[Supplied material — start]

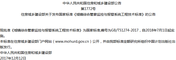 城镇综合管廊监控与报警系统工程技术标准收藏
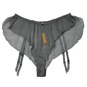 A flirty sheer lingerie bottom with a silky soft feel, removable garter straps, and a feminine center front rosette detail. Features a cotton gusset lining. Fits true to size.
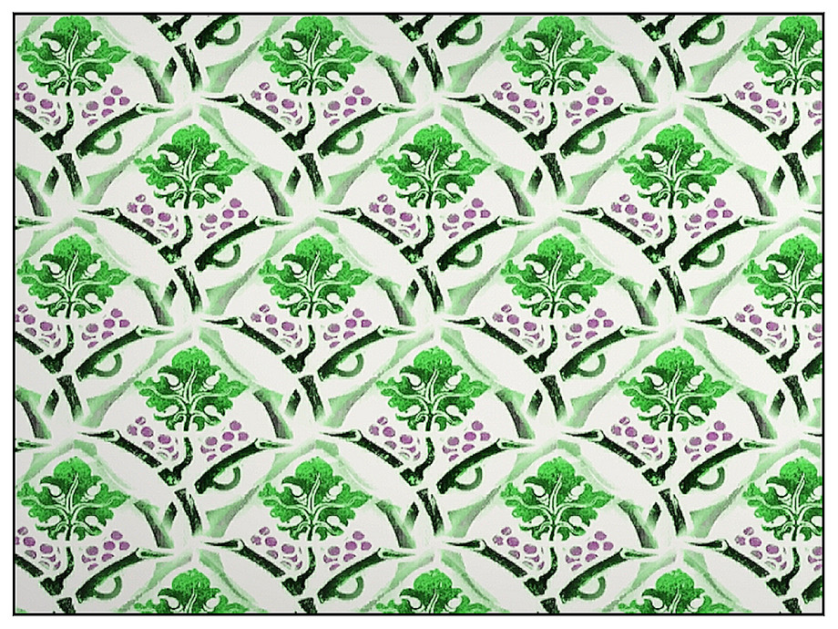 Fabric pattern: stylised grapes, leaves and branches in green and purple.
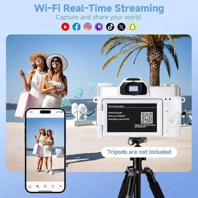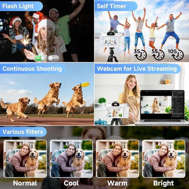 WiFi Transfer & Webcam: With built-in high-speed WiFi connectivity, this portable camera lets you instantly share adorable pet moments, unforgettable parties, exciting concerts, thrilling games, and scenic travel adventures anytime, anywhere. The compact digital camera also works as a versatile HD webcam, allowing you to livestream smoothly on TikTok, Facebook, YouTube, and other popular social media platforms with ease.
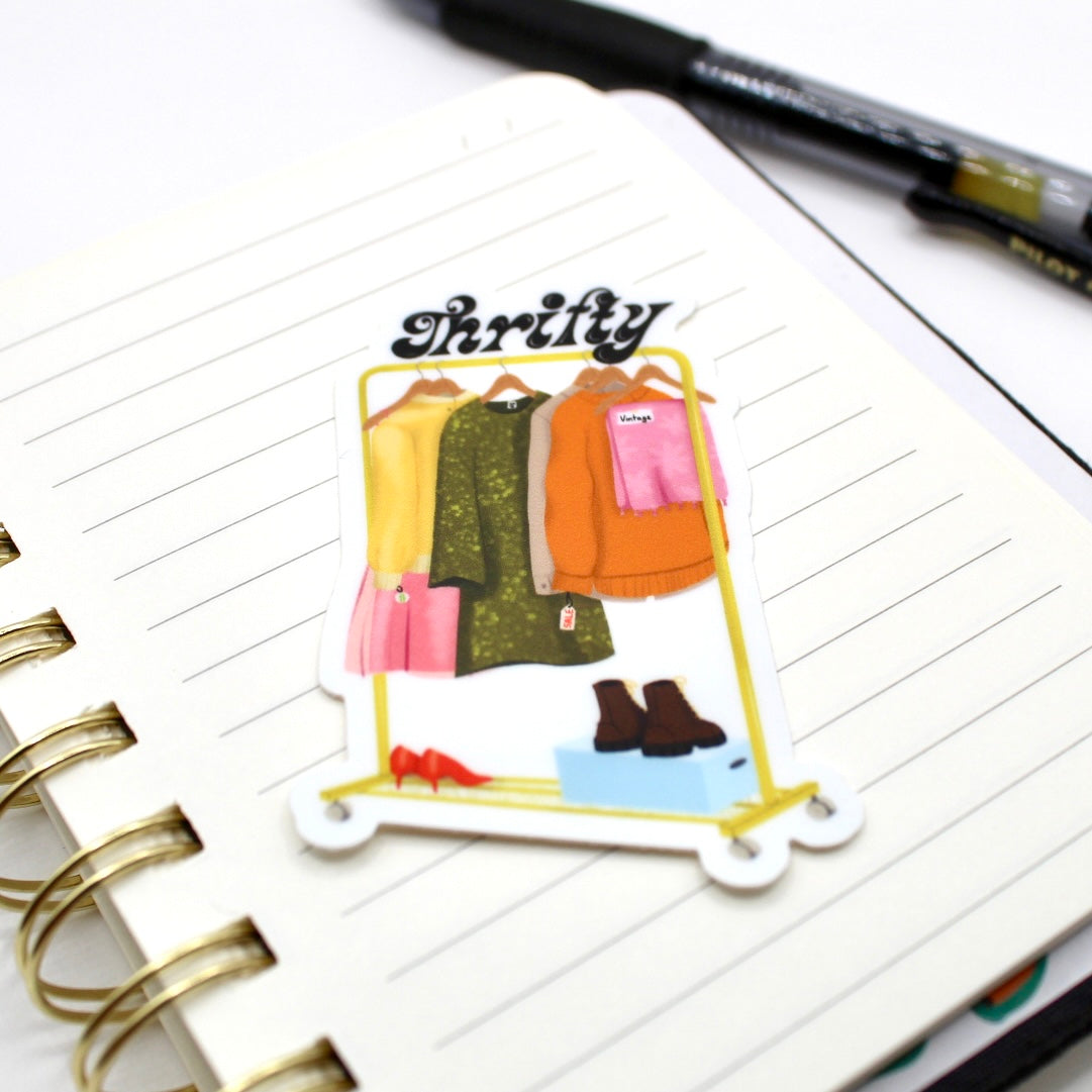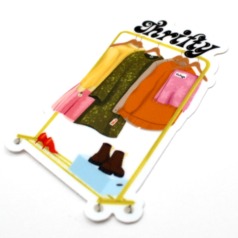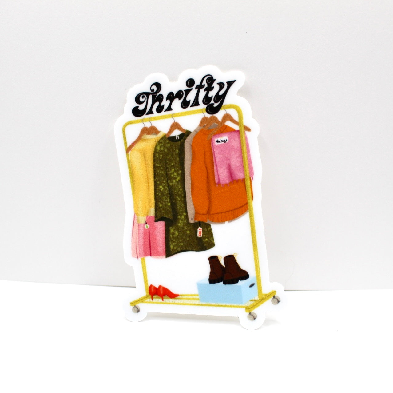 This hand drawn sticker is printed on high quality vinyl, making it waterproof and dishwasher safe! It features bright colors and a simple, clean outline. This sticker has a rack of thrift clothes hanging and says "Thrifty" along the top.
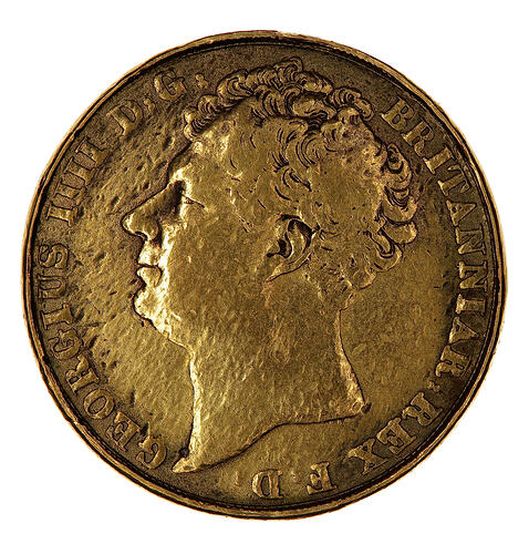 Bare head of the King facing left; below in small lettering the artist's initials, I.B.M. (J. B. Merlin); around, GEORGIUS IIII D: G: BRITANNIAR: REX F:D:

[Supplied material — finish]

> _What you are asked to do_: Begin at the line containing "WiFi Transfer &" and write out every line to the end of the data exactly. Skip the pictures.

> _Output of the exercise_:
 WiFi Transfer & Webcam: With built-in high-speed WiFi connectivity, this portable camera lets you instantly share adorable pet moments, unforgettable parties, exciting concerts, thrilling games, and scenic travel adventures anytime, anywhere. The compact digital camera also works as a versatile HD webcam, allowing you to livestream smoothly on TikTok, Facebook, YouTube, and other popular social media platforms with ease.
 This hand drawn sticker is printed on high quality vinyl, making it waterproof and dishwasher safe! It features bright colors and a simple, clean outline. This sticker has a rack of thrift clothes hanging and says "Thrifty" along the top.
 Bare head of the King facing left; below in small lettering the artist's initials, I.B.M. (J. B. Merlin); around, GEORGIUS IIII D: G: BRITANNIAR: REX F:D:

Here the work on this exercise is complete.